Despite the language barrier, I was convinced that this Armenian’s story of struggling to break away from a domineering mother would speak to many who are caught between traditional parents and the call of modernity (post-modernity, post-post-modernity… your choice). It was a story that could play out not only in Armenia but in any country where millennials fear they may never have the money to leave home and where twenty-somethings born to migrant parents feel trapped in traditions that seriously clash with what they want to become. Move over, Pirandello: this character had found a writer.
After the festival, I flew back to Switzerland, where I was living at the time, to begin an epic cross-continental collaboration via email and Skype. There were long calls as I probed the details of Narek’s life, followed by marathons with my Mac to create the characters, situations, story arc, and outline. On weekends, Narek and I met by Skype. This story took centre stage in my life.
By the time I completed the first draft—a fictionalized version of the story—a new challenge appeared: the hidden shoals of culturally authentic behaviour. There was a problem with the girlfriend character.
“An Armenian girl would never make critical remarks about her boyfriend’s mother,” Narek told me. “You’re describing a Canadian girl’s reaction.”
Ouch. My objective was to write a play about Armenians that would be credible in Yerevan. I immediately shifted my focus from the causes of the arguments to the behaviours and attitudes the arguments brought out. Our Skype sessions stretched to three hours. In the end, I had become a virtual echo chamber, crafting scenes and dialogues that rang true to the story Narek wanted me to tell.

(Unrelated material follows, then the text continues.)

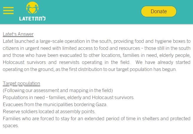 Latet est une organisation fondée en 1996 par Gilles Darmon ancien président de l’UEJF-Paris 1. L’association se présente comme une ONG luttant contre la faim en Israël et fournissant des colis alimentaires aux rescapés de l’holocauste. Depuis le 7 octobre, elle mène une série de campagnes d’aide aux israéliens déplacés ainsi qu’aux soldats israéliens sur zone.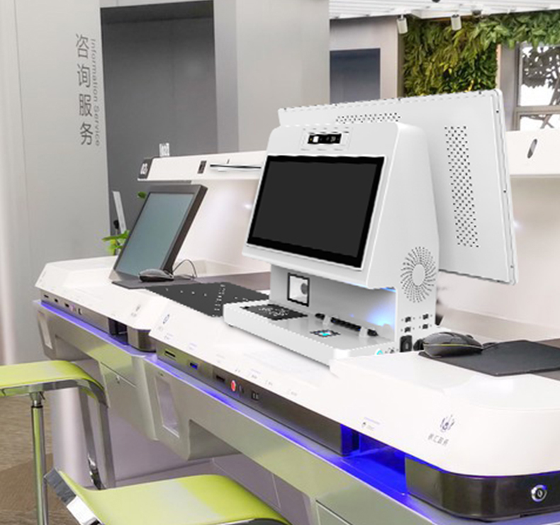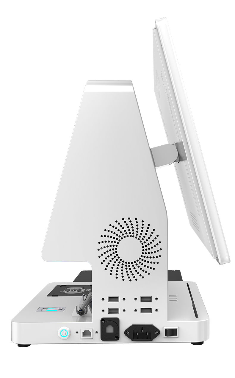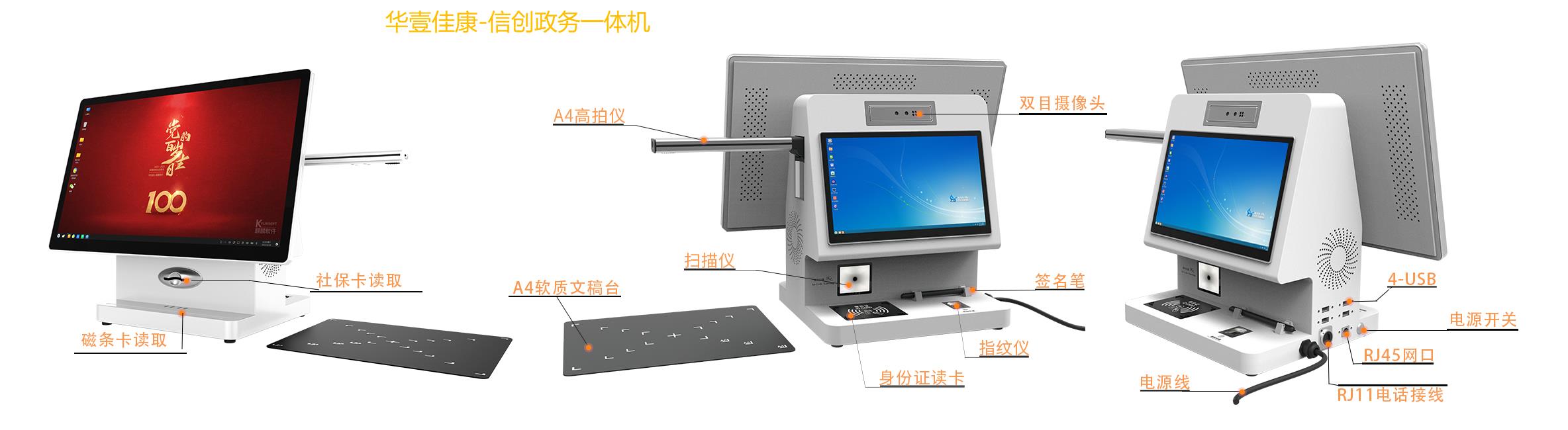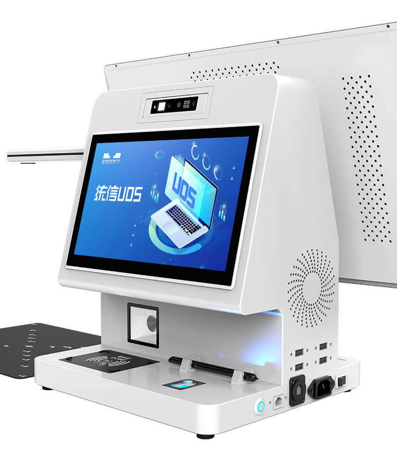 产品设计具有多种功能,集成了800W像素高拍仪,200W双目摄像头,满足人脸识别及红外拍摄,社保卡,身份证读取模块、二维码扫描、磁条卡读取、指纹仪识别、电子签名、具有WIFI、BT、功能,设有USB*4、RJ45、RJ11等各种外设接入的端口,充分满足了市场的业务办理需求。

By the time I completed draft three, about a year and a half later, Narek was in the US studying English, I had moved back to Toronto, and Motherland was ready to be shopped around. The Armenians in California who read the script told Narek it rang true and pronounced it ready to be staged. But a table reading in Toronto revealed that Anglo-Saxon Canadians didn’t “buy” the mother-son relationship. They found the mother unbelievably domineering and the son improbably passive.
“How could he love such a mother?” they asked. “Why doesn’t he react?” And so I wrote in a gesture: at the play’s climax when the mother goes hysterical, the son would strike his mother to bring her back to her senses. It was the one sequence in the play that Narek hadn’t read.
When that version was presented in a staged reading at Alumnae Theatre’s Big Ideas festival, there were Eastern Europeans in the crowd. All of them found the mother true to life. One of them, who was about Narek’s age, said, “It was like hearing my mother’s voice.”
The only moment they could not accept was when the son hit her. “No son would strike his mother, ever,” the same guy said. Point made. There is no slap in the version about to be staged at the Fireworks Festival. But, in a concession to Canadian audiences, I have made the affection between the mother and son more explicit and changed the Armenian girlfriend to a Frenchwoman who needs to have Armenian family dynamics explained to her. She is a newcomer to the country and asks the questions that Canadian audiences may have. In making these changes, I have worked hard not to lose the authenticity and “otherness” of the characters’ voices and actions.
Listening closely to Narek allowed me to channel Armenia and “hear” a story despite time lag and vocabulary challenges. It allowed me to create a story that is both specific to Armenia and universal.